The model consists of a vision encoder to encode image features, a depth encoding module to incorporate depth information, and a large language model to process sequences of tokens. When depth maps are not accessible during inference, we employ an external depth estimation model to generate the depth map.

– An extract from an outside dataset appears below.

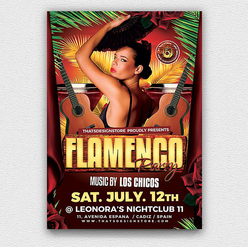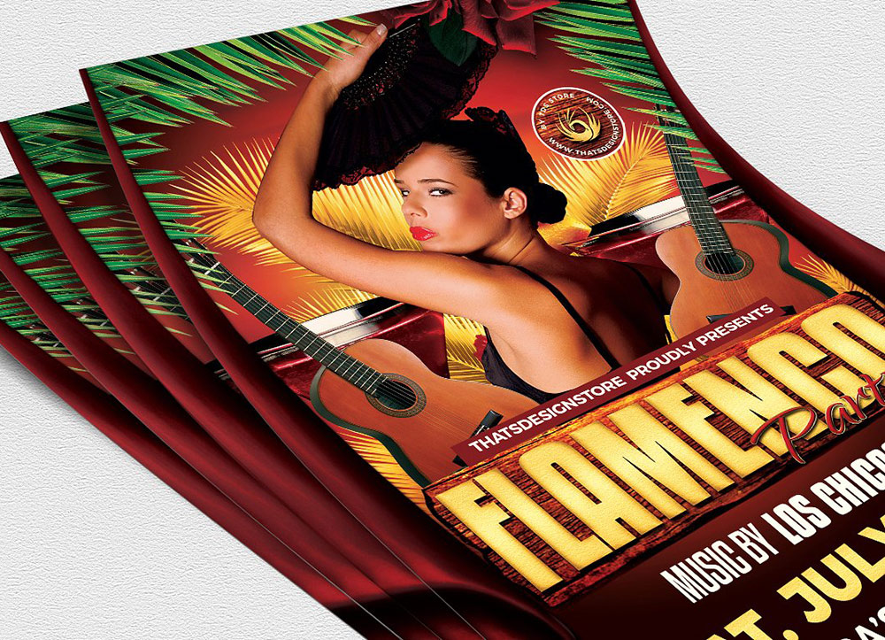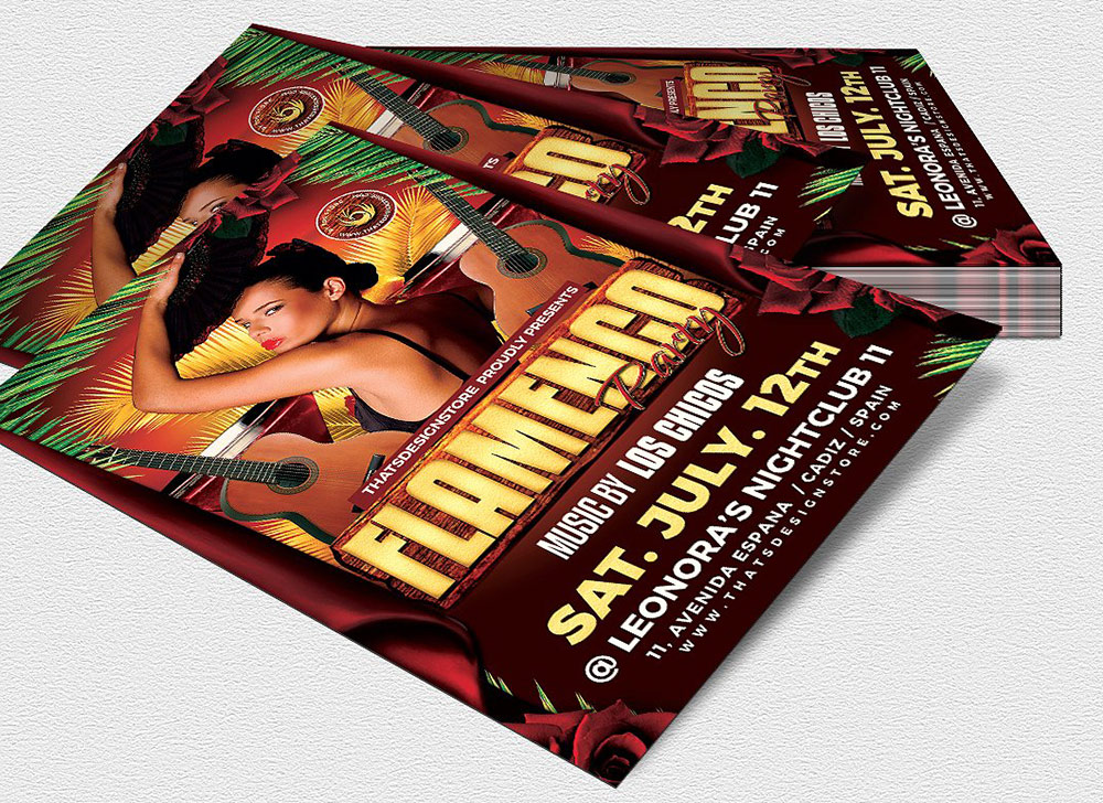 Volantino, flyer o cartolina ideale per scuole di ballo flamenco o eventi specifici dedicati alla flamenco. Una grafica caratteristica ideale per distinguerti.

This allows our model to adapt to various datasets and scenarios effectively.

Results

Model	Task								Average
Model	Existence	Object Counting	Scale Est.	Grounding	Relative Position	Absolute Distance	Scale Comparison	Ref. Object Est.	Average
Large Language Models (LLMs): Text only
GPT-4-Turbo	12.76	5.21	13.51	12.64	24.84	7.50	36.79	12.04	15.66
Qwen2.5	4.25	0.00	0.78	13.79	0.62	0.00	16.04	1.57	4.63
DeepSeek-V3	0.00	5.24	1.54	6.90	10.56	0.00	25.47	5.24	7.39
Vision-Language Models (VLMs): Image + Text
GPT-4o	44.68	41.67	3.86	27.59	67.08	20.00	54.72	2.09	32.28
Gemini-2	38.30	43.75	23.94	19.54	54.66	12.50	69.81	18.85	35.17
Qwen2.5-VL-72B	59.57	35.42	1.54	13.79	57.76	2.50	66.04	9.95	30.82
Qwen2.5-VL-32B	29.79	41.67	10.81	18.39	60.25	2.50	46.23	10.99	27.59
Qwen2.5-VL-7B	12.76	4.17	0.00	1.15	1.24	0.00	5.66	0.52	3.19
Intern-VL3-78B	47.62	42.71	6.47	26.32	56.94	13.33	64.10	16.46	33.63
Intern-VL3-8B	36.17	41.67	4.63	18.39	60.25	2.50	49.06	8.38	28.54
LLaVA-1.5-7B	1.54	36.46	5.02	20.69	42.86	5.00	38.68	0.52	19.45
Depth-encoded VLMs: Image + Depth + Text
SpatialBot	10.64	46.88	15.83	28.74	66.46	5.00	50.94	8.90	29.17
SpatialRGPT	10.64	36.46	20.08	17.24	60.25	15.00	62.26	9.95	28.98
Ours	87.23	47.92	51.35	42.53	75.16	40.00	55.66	46.07	56.31
Ours w/ MSMU-CoT	87.23	42.71	51.74	49.43	73.29	50.00	69.81	49.32	59.19

Visualization

Figure: Visualization of responses from different models on MSMU-Bench.

In this work, we identified a critical gap in the ability of Vision-Language Models (VLMs) to perform quantitative spatial reasoning. To address this, we developed MSMU, a large-scale dataset comprising 700K QA pairs and 2.5M numerical physical annotations derived from real 3D scenes, designed to provide precise metric supervision for enhancing VLMs' spatial reasoning capabilities. We introduced a simple but effective depth positional encoding module that integrates the third dimension information into the VLM frameworks, effectively upgrading the model's spatial awareness from 2D to 3D. This innovation was shown to significantly enhance spatial reasoning abilities, outperforming both RGB-only VLMs and depth-encoded VLMs. We anticipate that our contributions will pave the way for further advancements in VLMs' spatial reasoning capabilities, enabling more effective operation in real-world environments.